Su padre era demasiado hombre como para aceptar normas. Por eso no estudió ni conservó su puesto de obrero. Su madre, que amasaba la idea de ser cocinera, tuvo que conformarse con la noticia de un embarazo –el tercero, pues ya traía dos de una relación anterior-. Así que no le quedó más remedio que parir  al crío en un sofá lleno de pelos de perro. El niño en cuestión, Eddy –bautizado así por las películas que veían en casa-, no fue nada de lo que esperaban de él: no fue un tipo duro de esos que parten la cara a otros –él más bien sorbió a la vez ostias y esputos ajenos-; tampoco fue corpulento, sino un flacuchento y afeminado niño que, dieciséis años después, decidió marcharse de casa, cambiar de nombre y de paso, escribir una novela al respecto. Aunque eso fue secundario. "Antes de que yo me alzara contra el mundo de mi infancia, el mundo de mi infancia se había alzado contra mí".
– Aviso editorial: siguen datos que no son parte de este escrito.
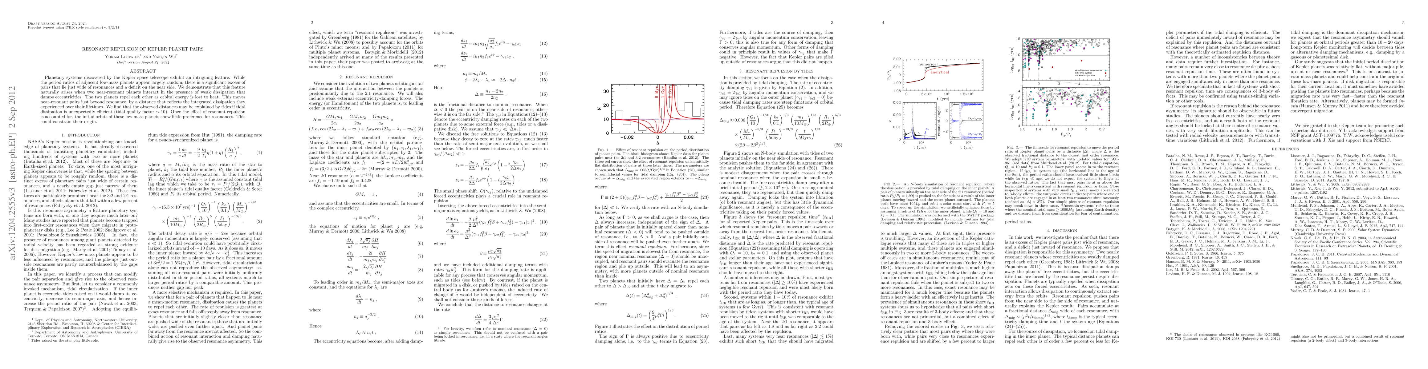 This paper demonstrates that Kepler's low-mass planet pairs often lie just outside resonances due to resonant repulsion driven by tidal dissipation, which moves them away from exact resonance as orbital energy is converted to heat. This effect suggests that initial planet orbits may not inherently favor resonances, providing insight into their formation.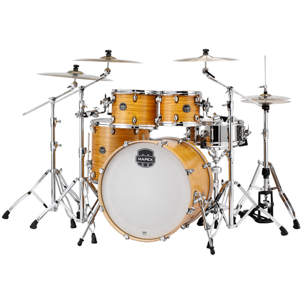 Batteria acustica Mapex Armory Rock finitura Desert Dune con hardware cromata e rullante Tomahawk incluso. Fusti realizzati in multistrato di betulla/acero/betulla da 7,2mm con bordi SONIClear. Incluso nel kit il rullante Armory Tomahawk Snare Drum

Su padre era demasiado hombre como para aceptar normas. Su madre se conformó con parirlo en un sofá lleno de pelos de perro

Para poder sobrevivir, uno acabó con el otro. Ésa es la vida que Édouard Louis (1992) narra en las páginas de Para acabar con Eddy Bellegueule, una novela publicada en Francia en 2014 –justo un año después de terminar la carrera de Sociología en París y cambiar de nombre- y que rápidamente se convirtió en un best seller.  Ahora el libro llega a España editado por el sello Salamandra. Sobre esa historia habla este joven de aspecto hipster y modales urbanos. Alguien en el que sería imposible distinguir un rasgo del chico que creció, a mediados de los noventa, en una familia lumpemproletaria de un pueblo al Norte de Francia.

"No, espera, esta foto no", dice el propio Édouard Louis –antes Eddy Bellengueule-. Aprieta él mismo el icono de la papelera en la pantalla del teléfono y, entonces sí, se prepara para posar de nuevo. Entretanto, aporta algunas sugerencias. “Mejor desde abajo, ¿no crees?”.Finalmente, Édouard Louis mira el resultado. “Sí, ésta sí (…) ¿Sabes, qué ocurre? Es la nariz. No luce bien fotografiada desde arriba”.

Educado, inteligente y sosegado, casi tanto como su prosa brillante y mordaz, Édouard Louis habla de su ciudad y su familia como si de un universo extinto se tratara. Años y años escuchando a su madre gritar enloquecida ante la televisión -siempre encendida-  o viendo a su padre zurrar a los parroquianos parecen haberse intelectualizado en estas páginas. Y, sin embargo, algo de aquello regresa como un oleaje.

"Quienes dicen que las palabras duelen o hieren, es porque en verdad jamás han recibido una paliza". Lo dice alguien que recibió unas cuantas a manos de sus compañeros de colegio, a los que nunca denunció e incluso protegió con su silencio. Aceptar que le zurraban habría supuesto confirmar sus sospechas, las de ellos y las de su entorno: “Bellegueule es un marica porque le pegan”.

Escrito a la manera de una colección de estampas, Para acabar con Eddy Bellegueule, compone el enorme mosaico de una sociedad incapaz de tolerar aquello que es distinto: al inmigrante, al negro, al débil, al árabe, al demasiado delgado o demasiado culto, al enfermo, al malformado. Como si todo aquello cuanto no resulta familiar fuera a parar al saco de la golpiza, el rechazo o la negación.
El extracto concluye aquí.